Records from a data source:
* * * * *

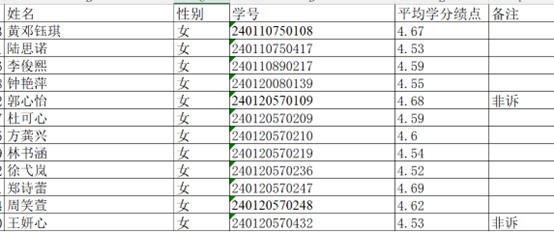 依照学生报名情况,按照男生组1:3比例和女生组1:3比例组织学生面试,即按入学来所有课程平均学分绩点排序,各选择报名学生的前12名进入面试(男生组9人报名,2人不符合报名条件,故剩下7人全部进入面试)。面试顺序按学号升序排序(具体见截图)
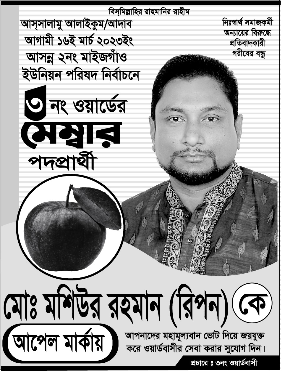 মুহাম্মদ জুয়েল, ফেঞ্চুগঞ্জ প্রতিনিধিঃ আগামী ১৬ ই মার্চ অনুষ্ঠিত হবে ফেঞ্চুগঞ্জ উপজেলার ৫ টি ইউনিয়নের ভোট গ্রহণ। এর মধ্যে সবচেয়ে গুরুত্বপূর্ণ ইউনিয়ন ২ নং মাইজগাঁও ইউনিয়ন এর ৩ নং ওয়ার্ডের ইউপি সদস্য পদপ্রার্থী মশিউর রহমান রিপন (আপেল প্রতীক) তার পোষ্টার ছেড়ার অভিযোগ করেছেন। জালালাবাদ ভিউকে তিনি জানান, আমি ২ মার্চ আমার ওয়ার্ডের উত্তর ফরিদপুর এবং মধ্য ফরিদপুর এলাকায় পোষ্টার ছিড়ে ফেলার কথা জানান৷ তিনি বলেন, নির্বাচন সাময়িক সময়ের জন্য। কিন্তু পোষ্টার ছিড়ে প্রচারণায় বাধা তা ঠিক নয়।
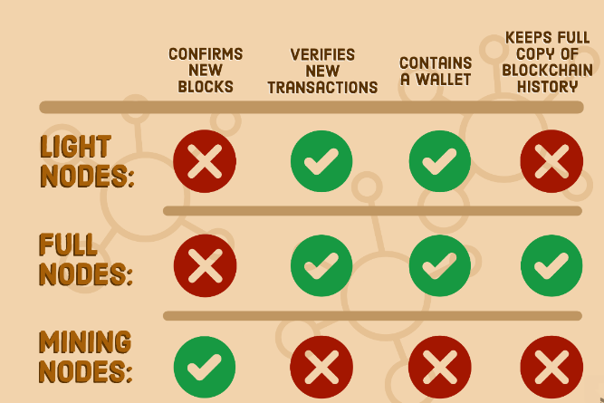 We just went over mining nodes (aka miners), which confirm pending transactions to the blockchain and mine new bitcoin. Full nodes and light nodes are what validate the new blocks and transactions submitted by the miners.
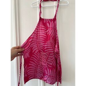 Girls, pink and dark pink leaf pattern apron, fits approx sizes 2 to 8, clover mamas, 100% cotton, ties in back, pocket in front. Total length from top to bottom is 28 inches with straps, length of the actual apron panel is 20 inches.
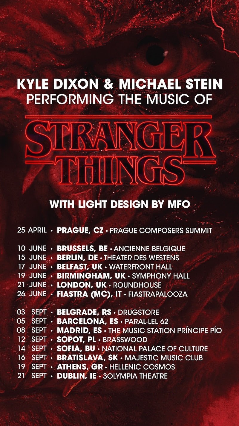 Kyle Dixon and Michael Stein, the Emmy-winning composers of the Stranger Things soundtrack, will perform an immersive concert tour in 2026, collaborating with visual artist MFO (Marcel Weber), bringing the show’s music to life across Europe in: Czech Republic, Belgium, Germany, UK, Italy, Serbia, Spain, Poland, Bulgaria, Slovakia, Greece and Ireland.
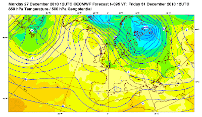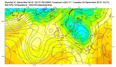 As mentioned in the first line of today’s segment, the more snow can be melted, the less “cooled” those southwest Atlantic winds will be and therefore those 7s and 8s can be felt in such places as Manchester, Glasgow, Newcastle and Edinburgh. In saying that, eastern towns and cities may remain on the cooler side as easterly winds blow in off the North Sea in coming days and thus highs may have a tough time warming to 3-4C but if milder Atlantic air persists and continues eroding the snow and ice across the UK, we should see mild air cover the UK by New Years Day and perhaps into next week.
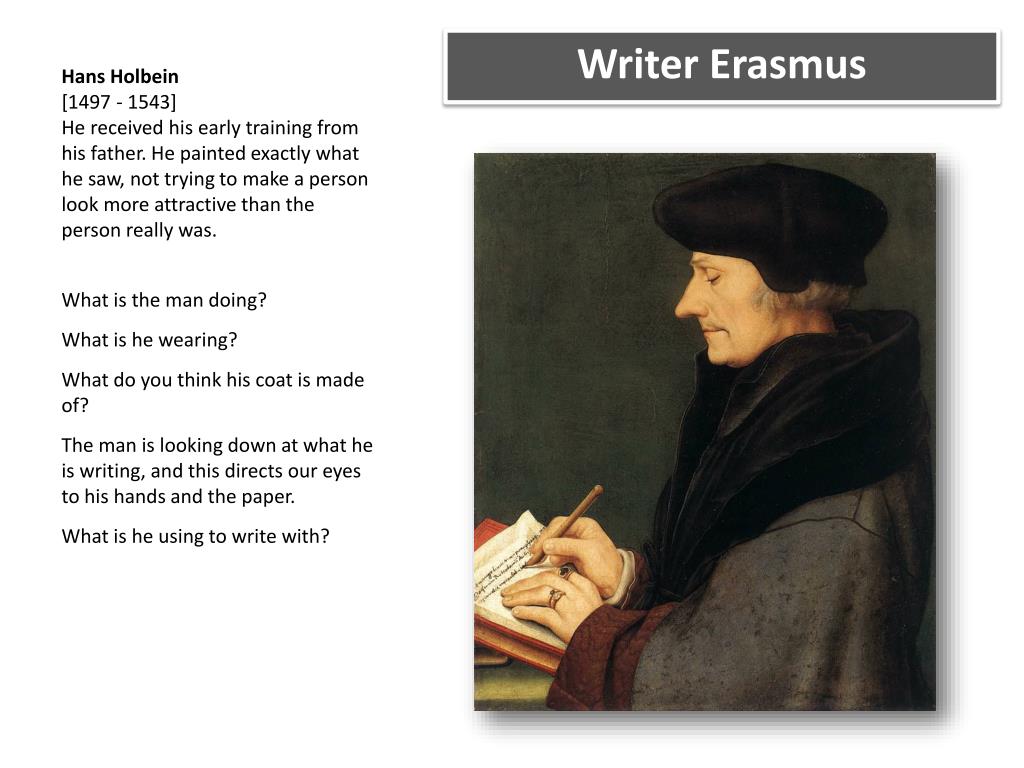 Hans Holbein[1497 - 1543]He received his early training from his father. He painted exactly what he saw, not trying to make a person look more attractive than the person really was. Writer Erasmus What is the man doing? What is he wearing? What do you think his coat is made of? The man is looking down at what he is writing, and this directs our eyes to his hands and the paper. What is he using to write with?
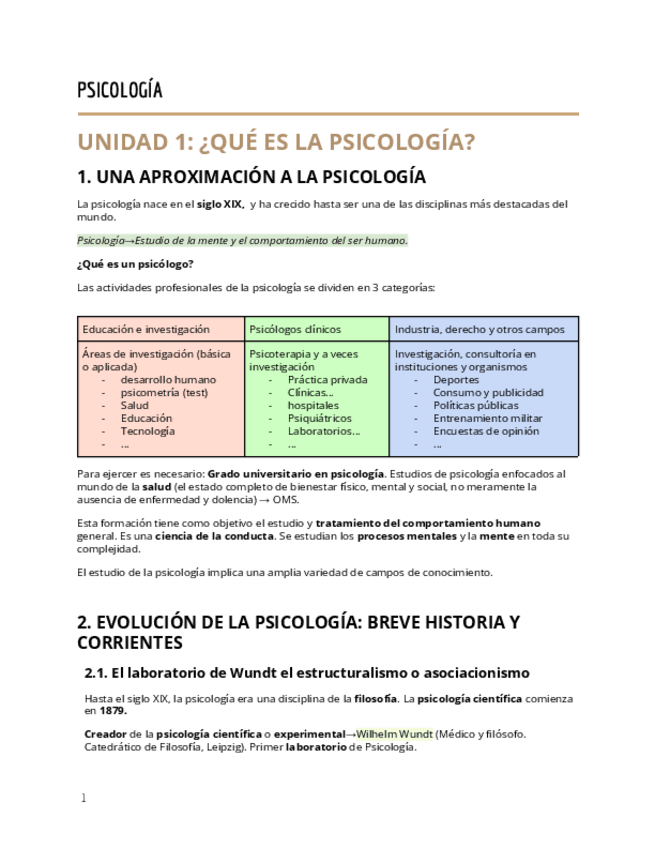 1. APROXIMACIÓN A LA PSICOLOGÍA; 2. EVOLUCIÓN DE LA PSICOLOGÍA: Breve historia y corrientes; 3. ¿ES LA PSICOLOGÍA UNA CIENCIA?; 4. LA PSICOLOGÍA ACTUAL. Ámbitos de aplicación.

* * * * *

EXERCISE REQUIREMENTS:
Set down exactly the lines from the start of the records through the line containing "মুহাম্মদ জুয়েল, ফেঞ্চুগঞ্জ", both included, and omit the pictures.

WRITTEN ANSWER:
 依照学生报名情况,按照男生组1:3比例和女生组1:3比例组织学生面试,即按入学来所有课程平均学分绩点排序,各选择报名学生的前12名进入面试(男生组9人报名,2人不符合报名条件,故剩下7人全部进入面试)。面试顺序按学号升序排序(具体见截图)
 মুহাম্মদ জুয়েল, ফেঞ্চুগঞ্জ প্রতিনিধিঃ আগামী ১৬ ই মার্চ অনুষ্ঠিত হবে ফেঞ্চুগঞ্জ উপজেলার ৫ টি ইউনিয়নের ভোট গ্রহণ। এর মধ্যে সবচেয়ে গুরুত্বপূর্ণ ইউনিয়ন ২ নং মাইজগাঁও ইউনিয়ন এর ৩ নং ওয়ার্ডের ইউপি সদস্য পদপ্রার্থী মশিউর রহমান রিপন (আপেল প্রতীক) তার পোষ্টার ছেড়ার অভিযোগ করেছেন। জালালাবাদ ভিউকে তিনি জানান, আমি ২ মার্চ আমার ওয়ার্ডের উত্তর ফরিদপুর এবং মধ্য ফরিদপুর এলাকায় পোষ্টার ছিড়ে ফেলার কথা জানান৷ তিনি বলেন, নির্বাচন সাময়িক সময়ের জন্য। কিন্তু পোষ্টার ছিড়ে প্রচারণায় বাধা তা ঠিক নয়।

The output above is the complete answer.